** Opening WORKING DATA block **
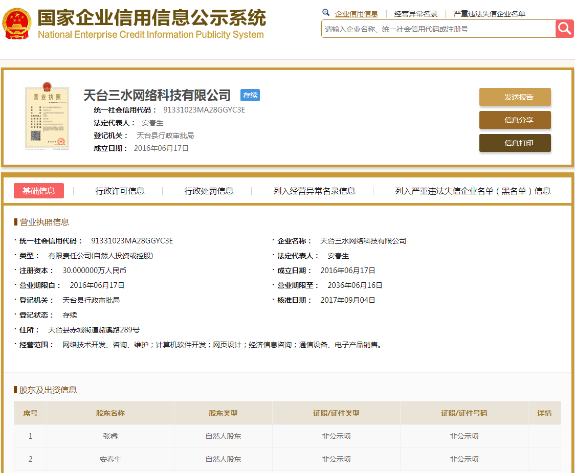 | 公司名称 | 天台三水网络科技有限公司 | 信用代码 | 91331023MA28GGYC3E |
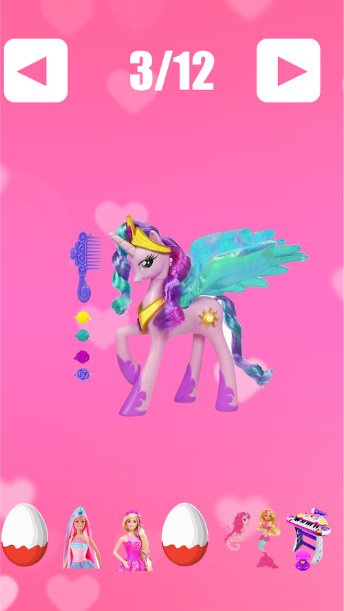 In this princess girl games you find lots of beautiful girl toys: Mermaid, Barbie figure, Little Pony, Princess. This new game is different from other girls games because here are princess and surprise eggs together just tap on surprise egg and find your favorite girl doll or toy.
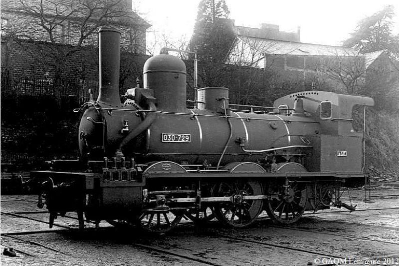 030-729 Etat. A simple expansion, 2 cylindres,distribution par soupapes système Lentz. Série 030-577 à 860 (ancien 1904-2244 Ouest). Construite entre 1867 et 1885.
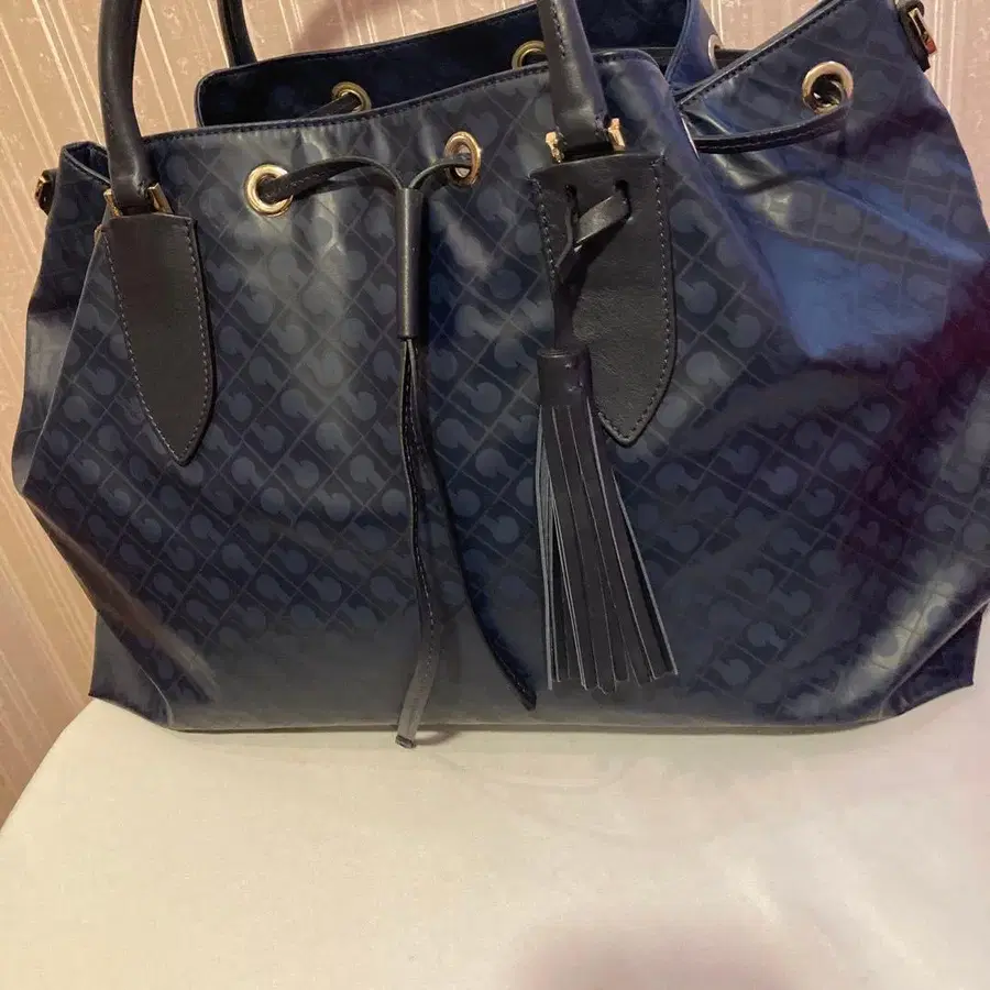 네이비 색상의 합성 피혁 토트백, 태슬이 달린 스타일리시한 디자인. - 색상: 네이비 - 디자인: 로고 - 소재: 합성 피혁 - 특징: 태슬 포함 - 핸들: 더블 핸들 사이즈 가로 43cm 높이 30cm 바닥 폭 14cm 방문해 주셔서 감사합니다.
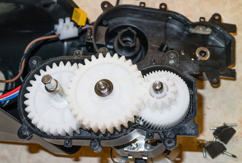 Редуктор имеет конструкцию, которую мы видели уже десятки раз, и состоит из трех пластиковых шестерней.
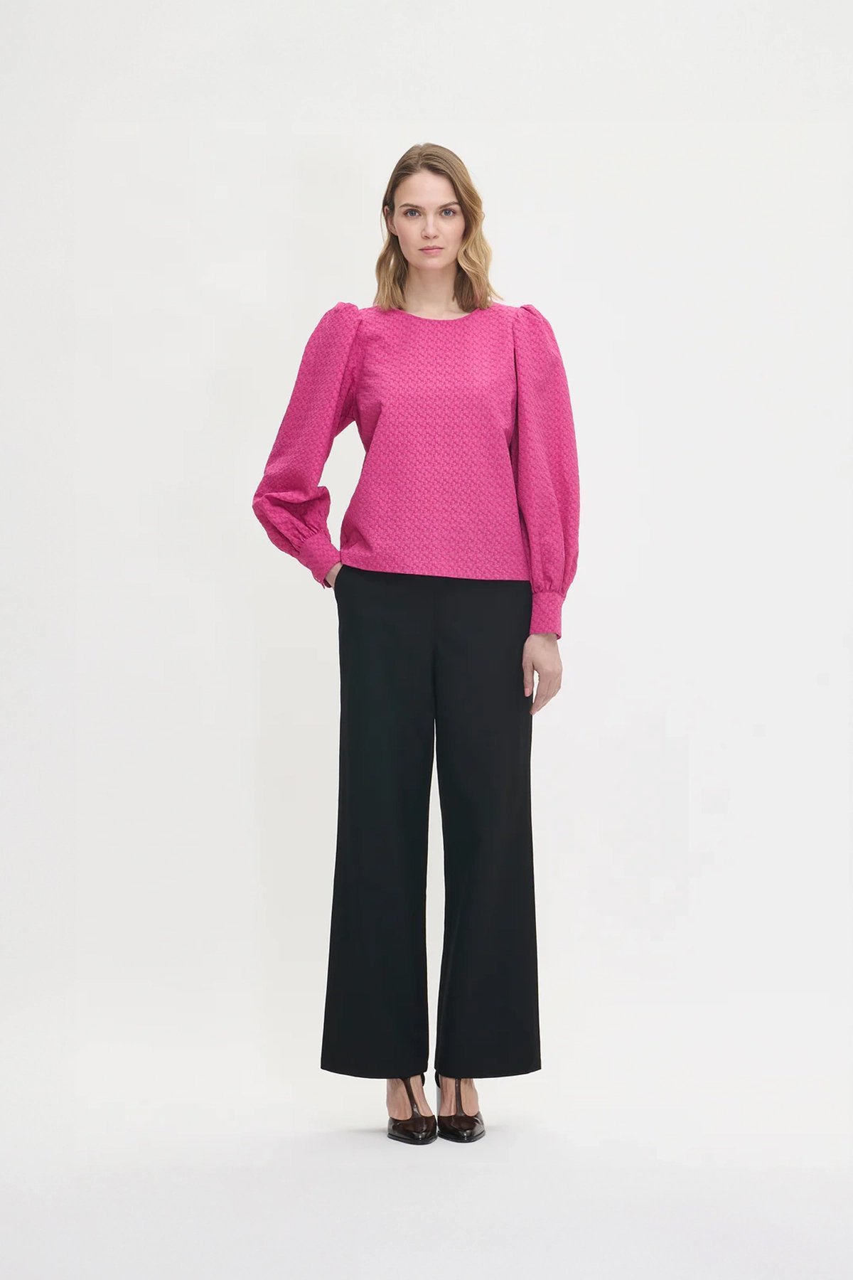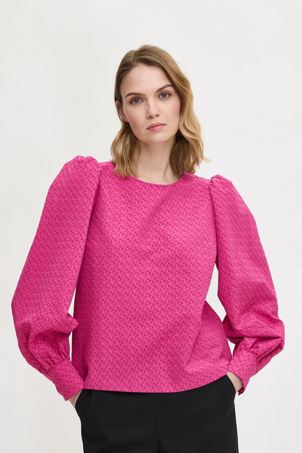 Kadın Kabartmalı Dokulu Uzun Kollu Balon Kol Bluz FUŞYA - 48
** Closing WORKING DATA block **
** Opening WORKING DATA block **
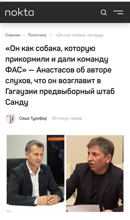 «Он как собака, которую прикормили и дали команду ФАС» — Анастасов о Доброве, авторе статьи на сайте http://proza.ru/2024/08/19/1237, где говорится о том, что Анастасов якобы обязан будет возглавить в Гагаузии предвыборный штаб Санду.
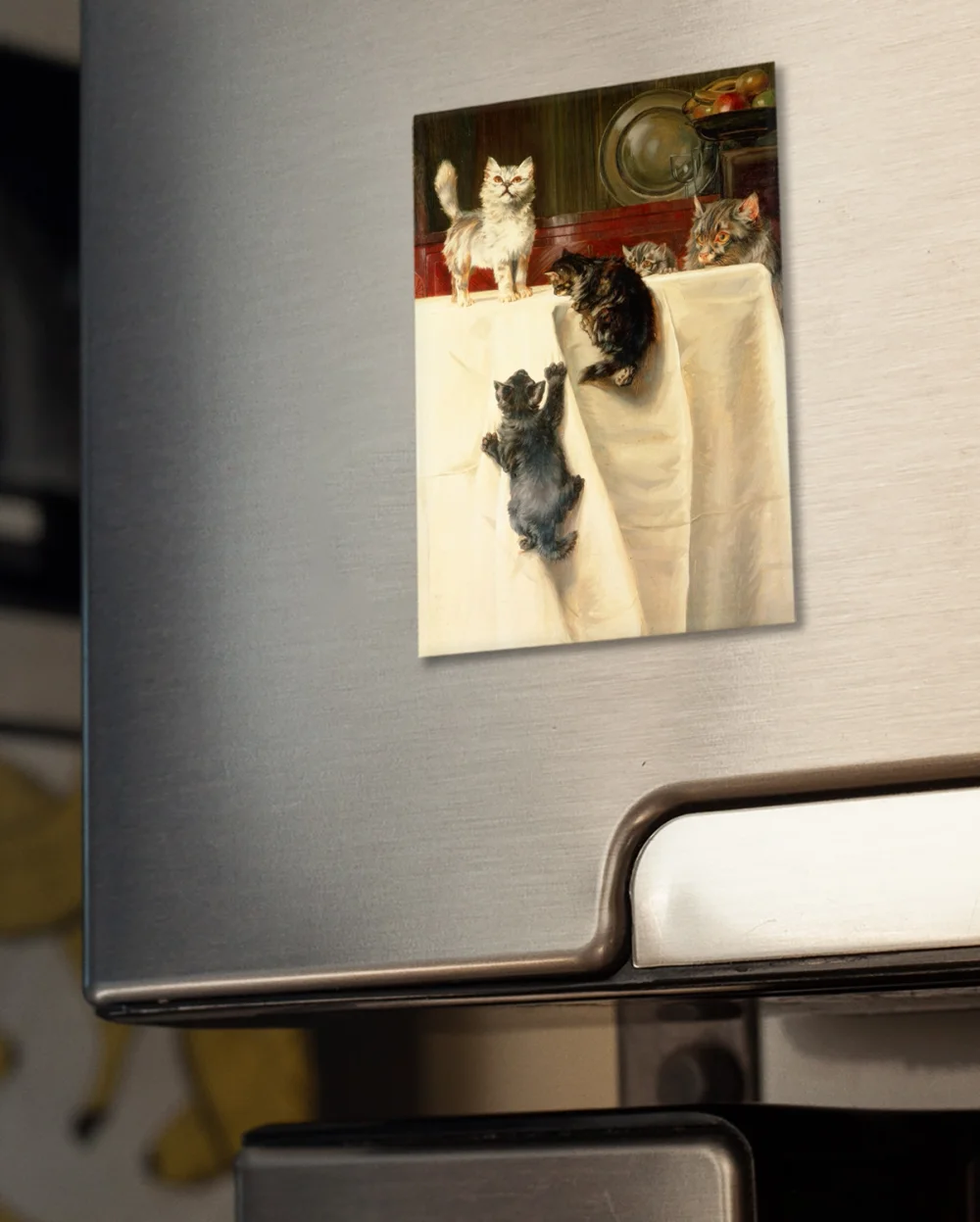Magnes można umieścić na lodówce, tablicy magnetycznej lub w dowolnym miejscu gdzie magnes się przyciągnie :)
** Closing WORKING DATA block **
** Opening WORKING DATA block **
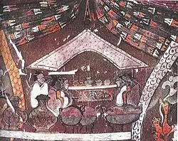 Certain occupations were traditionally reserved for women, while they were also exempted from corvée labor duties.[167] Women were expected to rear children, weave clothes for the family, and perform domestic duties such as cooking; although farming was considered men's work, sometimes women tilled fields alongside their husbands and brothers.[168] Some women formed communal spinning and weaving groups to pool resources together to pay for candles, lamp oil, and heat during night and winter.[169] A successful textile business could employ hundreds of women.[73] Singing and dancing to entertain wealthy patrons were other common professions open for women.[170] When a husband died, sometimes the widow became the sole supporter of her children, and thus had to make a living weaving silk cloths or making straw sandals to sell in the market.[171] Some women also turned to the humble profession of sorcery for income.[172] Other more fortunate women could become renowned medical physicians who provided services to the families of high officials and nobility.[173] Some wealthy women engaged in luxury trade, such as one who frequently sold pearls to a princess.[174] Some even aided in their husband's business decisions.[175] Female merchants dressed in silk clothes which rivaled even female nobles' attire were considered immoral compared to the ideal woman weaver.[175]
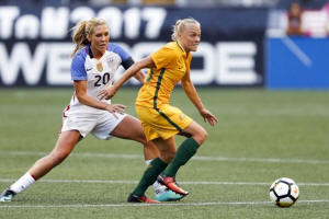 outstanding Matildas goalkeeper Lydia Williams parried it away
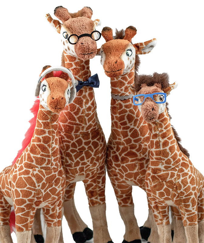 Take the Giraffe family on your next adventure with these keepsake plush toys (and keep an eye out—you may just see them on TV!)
** Closing WORKING DATA block **
▸ TASK GOAL: Within the listing above, copy exactly the lines that start at the one with "предвыборный штаб Санду." and continue through the one with "Magnes można umieścić". Omit pictures.

▸ WRITTEN SOLUTION:
 «Он как собака, которую прикормили и дали команду ФАС» — Анастасов о Доброве, авторе статьи на сайте http://proza.ru/2024/08/19/1237, где говорится о том, что Анастасов якобы обязан будет возглавить в Гагаузии предвыборный штаб Санду.
Magnes można umieścić na lodówce, tablicy magnetycznej lub w dowolnym miejscu gdzie magnes się przyciągnie :)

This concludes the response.